→ WHAT YOU WILL DO
Find all lines below containing the string "been" and return them.
Segment Start: MATERIAL FOR THIS EXERCISE
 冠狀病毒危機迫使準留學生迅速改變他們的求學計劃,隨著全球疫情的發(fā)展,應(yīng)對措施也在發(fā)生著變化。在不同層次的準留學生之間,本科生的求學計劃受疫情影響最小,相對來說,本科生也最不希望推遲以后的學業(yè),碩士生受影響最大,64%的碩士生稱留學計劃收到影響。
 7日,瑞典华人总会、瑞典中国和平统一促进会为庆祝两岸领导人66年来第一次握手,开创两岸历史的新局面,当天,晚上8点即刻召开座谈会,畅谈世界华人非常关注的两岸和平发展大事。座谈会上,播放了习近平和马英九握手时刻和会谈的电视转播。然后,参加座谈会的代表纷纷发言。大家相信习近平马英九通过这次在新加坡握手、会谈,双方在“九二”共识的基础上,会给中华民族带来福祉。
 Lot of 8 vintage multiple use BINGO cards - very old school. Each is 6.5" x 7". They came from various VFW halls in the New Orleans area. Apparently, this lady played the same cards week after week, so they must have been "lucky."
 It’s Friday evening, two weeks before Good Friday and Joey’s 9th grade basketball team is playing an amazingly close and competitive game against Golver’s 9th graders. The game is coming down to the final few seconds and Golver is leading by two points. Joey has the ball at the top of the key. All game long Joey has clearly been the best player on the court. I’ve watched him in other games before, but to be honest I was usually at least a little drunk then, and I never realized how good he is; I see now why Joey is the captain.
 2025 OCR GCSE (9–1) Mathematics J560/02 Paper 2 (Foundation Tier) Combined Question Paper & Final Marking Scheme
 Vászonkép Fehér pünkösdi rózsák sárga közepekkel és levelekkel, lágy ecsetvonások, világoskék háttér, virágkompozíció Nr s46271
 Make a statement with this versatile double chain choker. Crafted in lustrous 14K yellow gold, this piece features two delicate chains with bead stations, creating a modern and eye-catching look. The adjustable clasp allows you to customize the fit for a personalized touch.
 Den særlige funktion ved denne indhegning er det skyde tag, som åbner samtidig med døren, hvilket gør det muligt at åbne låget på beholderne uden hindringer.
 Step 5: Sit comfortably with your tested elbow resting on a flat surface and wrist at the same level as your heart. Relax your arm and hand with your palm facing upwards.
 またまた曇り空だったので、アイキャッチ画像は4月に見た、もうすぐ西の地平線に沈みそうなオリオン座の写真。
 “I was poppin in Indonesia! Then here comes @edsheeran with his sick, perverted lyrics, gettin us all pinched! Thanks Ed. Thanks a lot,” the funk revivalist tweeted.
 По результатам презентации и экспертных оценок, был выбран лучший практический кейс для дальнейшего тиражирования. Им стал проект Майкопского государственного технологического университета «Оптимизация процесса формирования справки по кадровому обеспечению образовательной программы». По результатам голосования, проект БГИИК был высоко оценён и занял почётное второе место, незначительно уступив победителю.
Segment End: MATERIAL FOR THIS EXERCISE
→ ANSWER SECTION
 Lot of 8 vintage multiple use BINGO cards - very old school. Each is 6.5" x 7". They came from various VFW halls in the New Orleans area. Apparently, this lady played the same cards week after week, so they must have been "lucky."
 It’s Friday evening, two weeks before Good Friday and Joey’s 9th grade basketball team is playing an amazingly close and competitive game against Golver’s 9th graders. The game is coming down to the final few seconds and Golver is leading by two points. Joey has the ball at the top of the key. All game long Joey has clearly been the best player on the court. I’ve watched him in other games before, but to be honest I was usually at least a little drunk then, and I never realized how good he is; I see now why Joey is the captain.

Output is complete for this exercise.